Sinds een paar jaar is er een kentering doordat Lelystad zich is gaan richten op haar sterke kanten. De centrale ligging in het land, veel goedkope bedrijfsruimte en achttien kilometer kustlijn, want één van de troeven is het water. We hebben een overslaghaven, tig jachthavens en een prachtige passantenhaven. Die is geschikt voor riviercruises en zo want Amsterdam en Enkhuizen knappen uit hun voegen. Vanuit Lelystad kun je naar Enkhuizen, Kampen en Schokland.
Mede door toerisme en mensen die hier komen wonen en werken verdwijnt langzaam maar zeker dat negatieve imago. Dat komt ook doordat mensen dat tegen elkaar zeggen.
In pionierstijd was het gericht op basale behoeften, overheidsvoorzieningen en zo. Nu heeft Lelystad zich ontwikkeld. Men is duurdere woningen gaan bouwen, er is gekozen om kapitaal naar de stad te halen, de kuststrook te ontwikkelen. De stad komt in balans. Lelystedelingen steken elkaar daarbij aan. Er zijn hier veel particuliere initiatieven die de gemeente probeert te faciliteren.

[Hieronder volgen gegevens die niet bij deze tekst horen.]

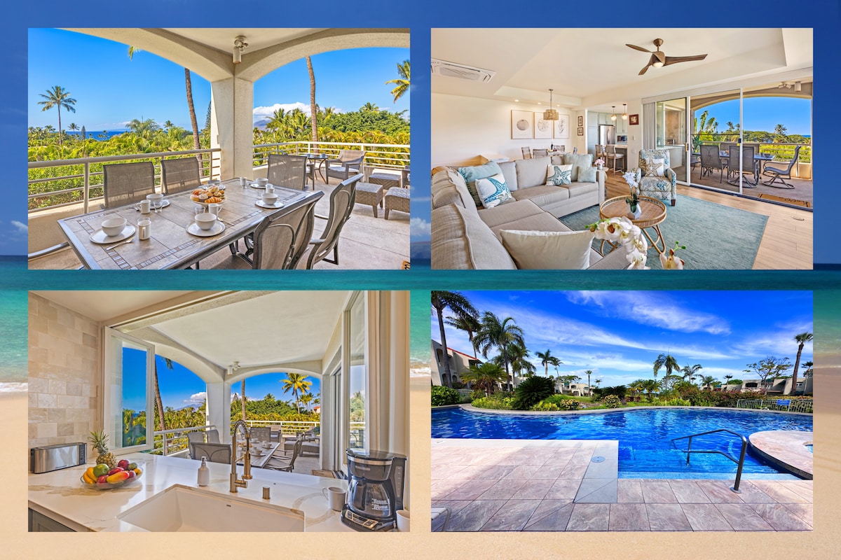 Maui is outdoor living at its finest! There is no escaping the view. This condo does not border a noisy parking lot nor street - The view from this condo makes the ocean look like it's your swimming pool, its spectacular! You can see the ocean while sitting on our tropical couch or cooking dinner in the kitchen! If you love the ocean, this is it! We have a first class fully remodeled condo with a full-size fridge, double ovens, microwave and granite countertops.
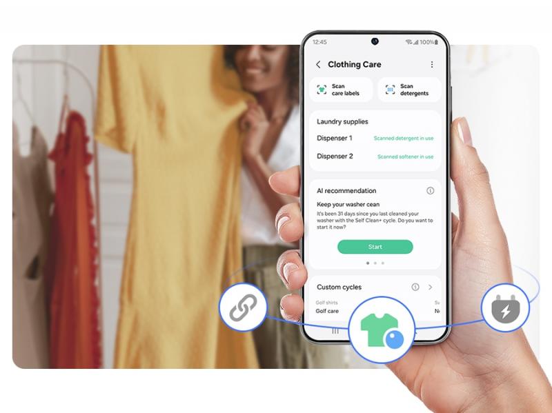 Enjoy a personalized and efficient laundry experience. Clothing Care, part of the SmartThings App*, analyzes your usage** and other factors to make recommendations and create customized drying cycles to suit your lifestyle***.8
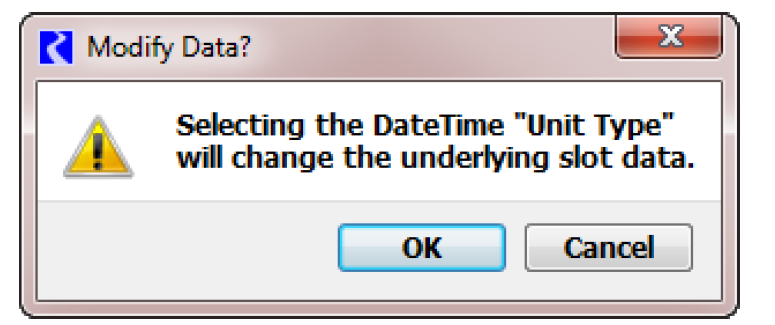 Unlike switching between ordinary Unit Types, switching to the “Date Time” Unit Type, and between the various DateTime “User Units” causes a change in the underlying Slot values. The user must confirm these changes with this dialog.
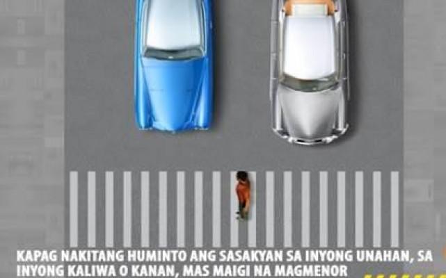 Paalala sa mga motorista, ang sasakyan na nagmenor o nakahinto sa inyong unahan ay nagsisilbing visual screen o tabing. Ibig sabihin, babala ito na posibleng may papatawid na pedestrian kaya dapat huminto at magbigay-daan para iwas-disgrasya. Alamin ang iba pang pedestrian safety tips.
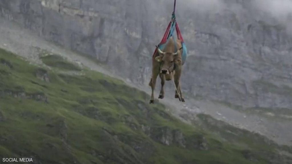 وأظهر مقطع فيديو نقل بقرة بمروحية فوق تلال منطقة كلاوسنباس، وسط سويسرا.
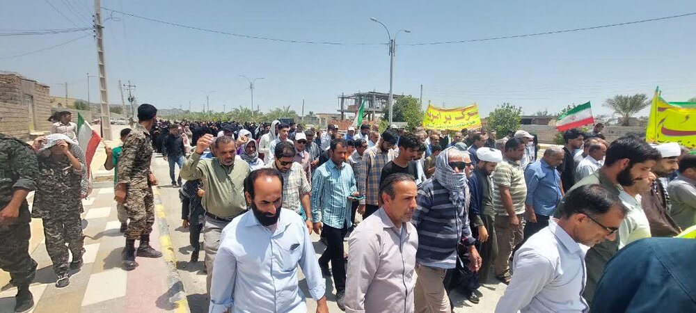 حوزه/ مردم نودژ در نمازجمعه ازن شهر حضور یافته و بعد از اقامه نماز، در محکومیت جنایت رژیم صهیونیستی و پشتیبانی از ولایت فقیه راهپیمایی نمودند.
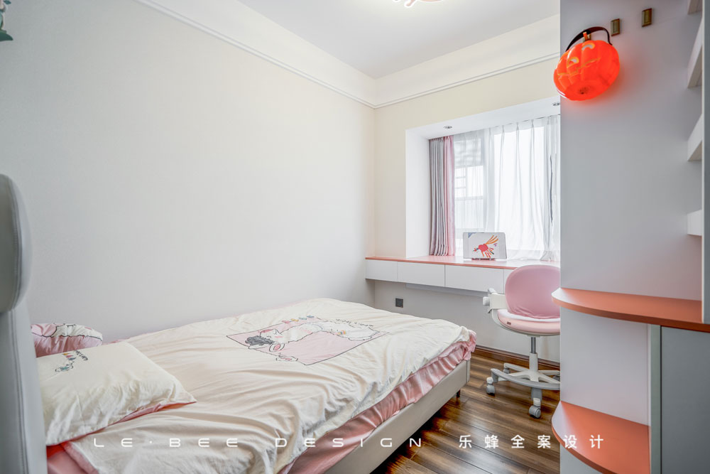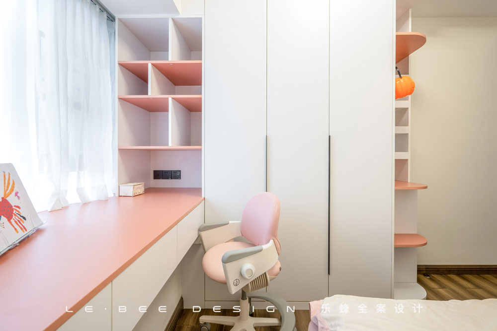 和男孩房想對(duì)應(yīng)的設(shè)計(jì)思路,顏色選取了女孩們都會(huì)喜歡蜜桃粉,營(yíng)造一個(gè)小公主的天地。
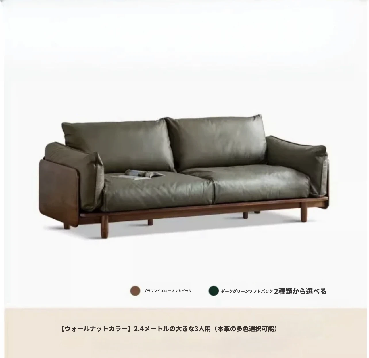 高くなったアップグレード版 オーク(ウォールナット色)2.4メートル大3人掛けソファ(本革 多色選択可)
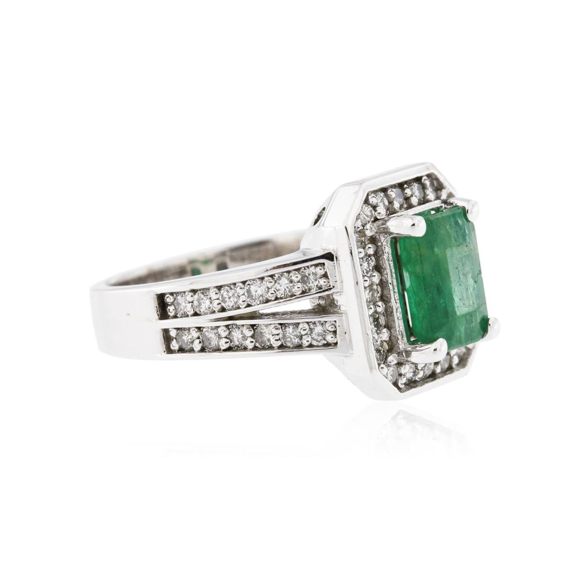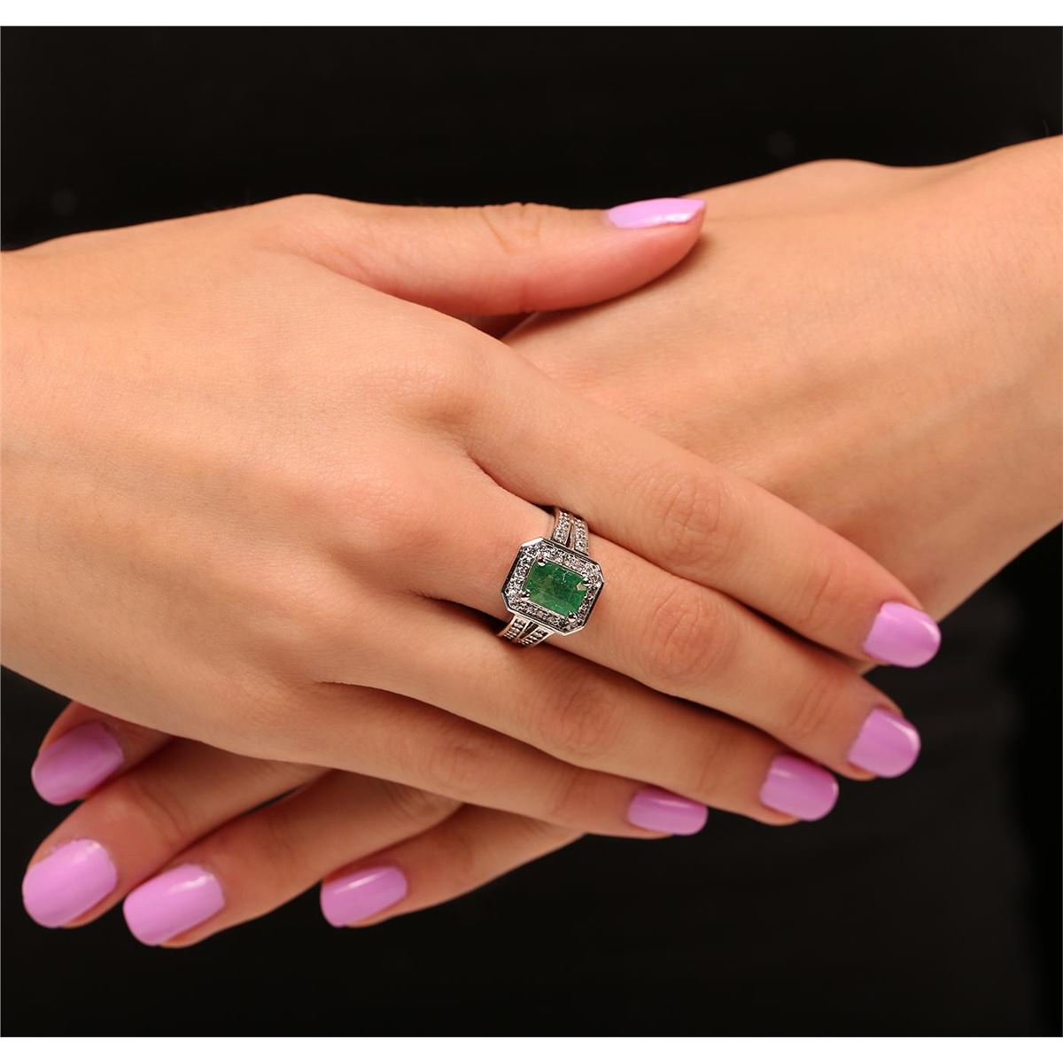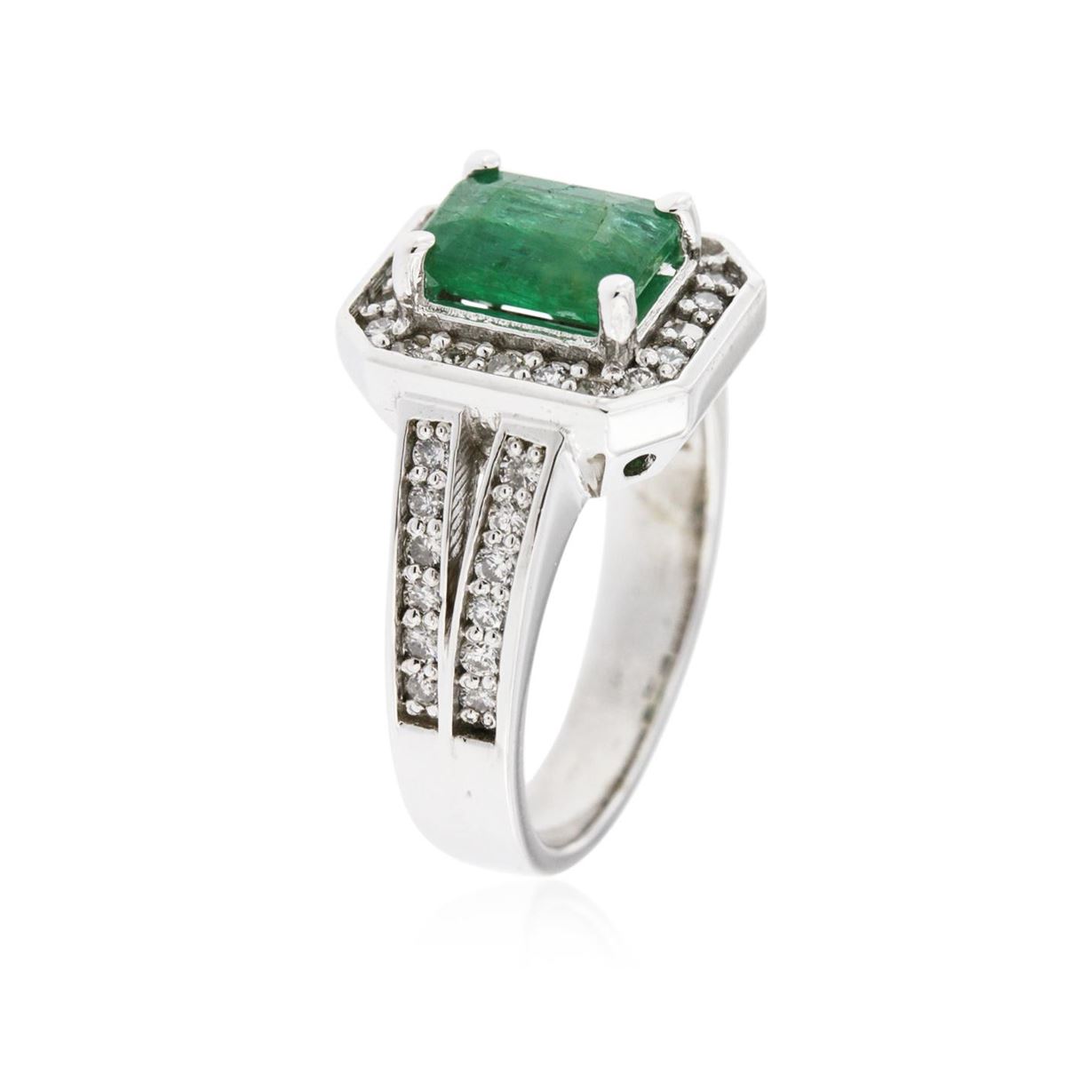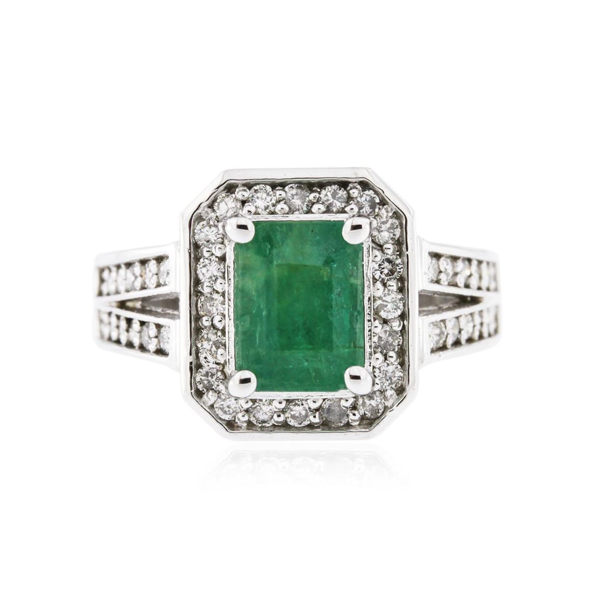 One electronically tested 14KT White Gold ladies cast emerald and diamond ring with a bright polish finish. Condition is new, good workmanship. The featured emerald is set within a diamond bezels supported by diamond set split shoulders, completed by a three and one-half millimeter wide band. Identified with markings of "14K". Containing: One prong set rectangular step cut natural emerald, measuring 7.95 x 5.75 x 3.98mm, 8%. bulge factor, approximate weight of 1.60ct., clarity is heavily included, type III, medium, very slightly grayish, very slightly bluish green color, (GIA vslbG 5/3), cut is Good. Transmitting light with a minimum of distortion, transparent. Naturally occurring internal & external characteristics are present. Indications of oil residue. Graded in the setting. Forty-Four prong set round brilliant cut diamonds, measuring 1.70 - 1.50 x 0.96mm (depth est.) approximate total weight of 44 Stones = 0.75ct. Graded in the setting. Clarity: SI-1 to I-1. Color: H - J. Total Weight of Colored Stones 1.60ct. Total Weight of Diamonds 0.75ct. Total Weight of Ring 7.61 grams. AIG Appraised at $5,075.00.

Ik heb er nooit aan gedacht om uit Lelystad weg te gaan. Mijn jeugdvrienden wonen hier nog. We zijn verknocht aan elkaar en aan de stad. Is het gevoel en de sfeer goed, dan maakt het niet uit. Als kritisch chauvinist zie ik waar ik me aan erger, maar ik ga hier nooit meer weg. Hier ga ik dood.